- _Instructions to follow_: All of the data should be restated word for word, with the pictures omitted.

** Data extracts follows **

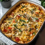 This Greek Chicken Casserole is more than just a meal; it’s an experience. It’s a harmonious blend of classic Mediterranean ingredients that come together in a single baking dish, minimizing cleanup while maximizing flavor. The beauty of this dish lies in its simplicity and the robust, fresh taste that each component brings. Imagine tender, juicy chicken pieces marinated in a bright concoction of lemon, garlic, and oregano, nestled amongst colorful bell peppers, sweet cherry tomatoes, piquant red onions, and salty Kalamata olives, all crowned with crumbles of creamy feta cheese that melt and slightly crisp in the oven. It’s a feast for the eyes as much as it is for the palate. Perfect for busy weeknights when you crave something special without the fuss, or for a weekend gathering where you want to impress your guests with minimal effort, this casserole is a true culinary champion.
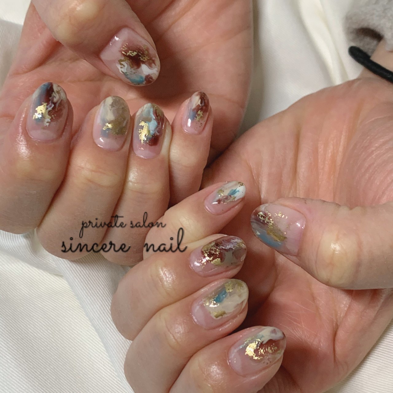 オールシーズン ハンド ニュアンス ブルー ブラウン Sincere Nailのネイルデザイン No ネイルブック
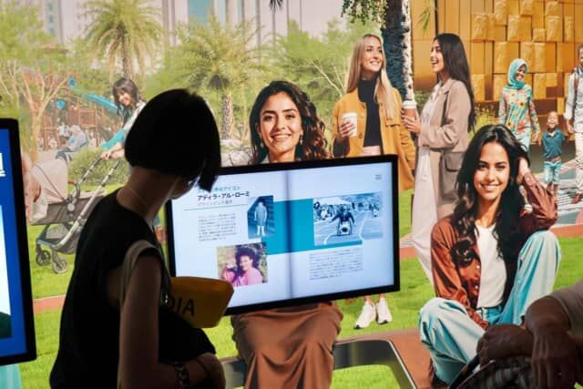 展示では、厳しい砂漠環境で培われた知恵や再生可能エネルギー、水資源管理への取り組み、女性の社会進出についてなどが紹介され、中東ならではのサステナブルな未来ビジョンが学べます。
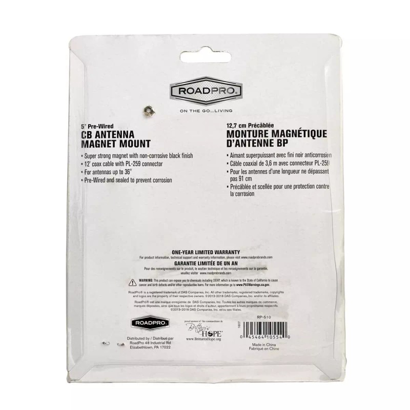 Roadpro RP-510 Multi-Purpose Magnet Black Anodized Finish, 5" w/ 12 ft. Cable
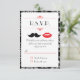 Des lèvres rouges pulpeuses et une moustache élégante sont les vedettes de ce carton d'invitation de mariage moderne. Le motif damassé en arrière-plan ajoute une touche de classe.
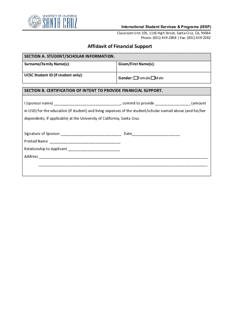 This form is used by sponsors to provide a declaration of financial support for international students attending the University of California, Santa Cruz. It requires the sponsor\'s personal information, the amount pledged for education and living expenses, and a signature to certify the commitment.
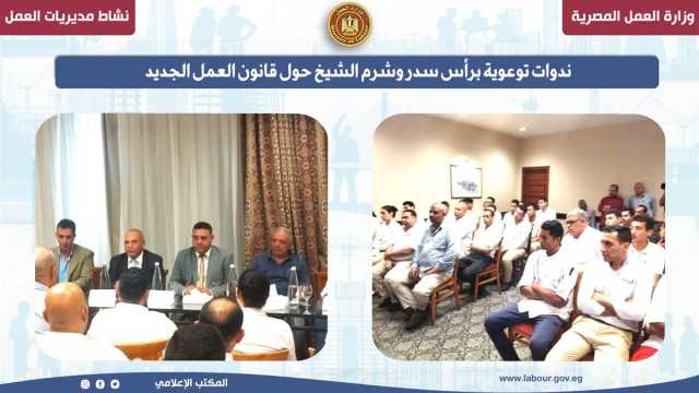 نظمت مديرية العمل بجنوب سيناء، ندوتين توعويتين في مدينتي رأس سدر وشرم الشيخ تناولتا التعريف بأحكام قانون العمل الجديد رقم (14) لسنة 2025 وقرار وزير العمل رقم (187) لسنة 2025، تنفيذًا لتوجيهات الوزير محمد جبران بنشر ثقافة العمل اللائق ومعايير السلامة المهنية.

** End of Data extracts **

- _Solution for this task_:
 This Greek Chicken Casserole is more than just a meal; it’s an experience. It’s a harmonious blend of classic Mediterranean ingredients that come together in a single baking dish, minimizing cleanup while maximizing flavor. The beauty of this dish lies in its simplicity and the robust, fresh taste that each component brings. Imagine tender, juicy chicken pieces marinated in a bright concoction of lemon, garlic, and oregano, nestled amongst colorful bell peppers, sweet cherry tomatoes, piquant red onions, and salty Kalamata olives, all crowned with crumbles of creamy feta cheese that melt and slightly crisp in the oven. It’s a feast for the eyes as much as it is for the palate. Perfect for busy weeknights when you crave something special without the fuss, or for a weekend gathering where you want to impress your guests with minimal effort, this casserole is a true culinary champion.
 オールシーズン ハンド ニュアンス ブルー ブラウン Sincere Nailのネイルデザイン No ネイルブック
 展示では、厳しい砂漠環境で培われた知恵や再生可能エネルギー、水資源管理への取り組み、女性の社会進出についてなどが紹介され、中東ならではのサステナブルな未来ビジョンが学べます。
 Roadpro RP-510 Multi-Purpose Magnet Black Anodized Finish, 5" w/ 12 ft. Cable
 Des lèvres rouges pulpeuses et une moustache élégante sont les vedettes de ce carton d'invitation de mariage moderne. Le motif damassé en arrière-plan ajoute une touche de classe.
 This form is used by sponsors to provide a declaration of financial support for international students attending the University of California, Santa Cruz. It requires the sponsor\'s personal information, the amount pledged for education and living expenses, and a signature to certify the commitment.
 نظمت مديرية العمل بجنوب سيناء، ندوتين توعويتين في مدينتي رأس سدر وشرم الشيخ تناولتا التعريف بأحكام قانون العمل الجديد رقم (14) لسنة 2025 وقرار وزير العمل رقم (187) لسنة 2025، تنفيذًا لتوجيهات الوزير محمد جبران بنشر ثقافة العمل اللائق ومعايير السلامة المهنية.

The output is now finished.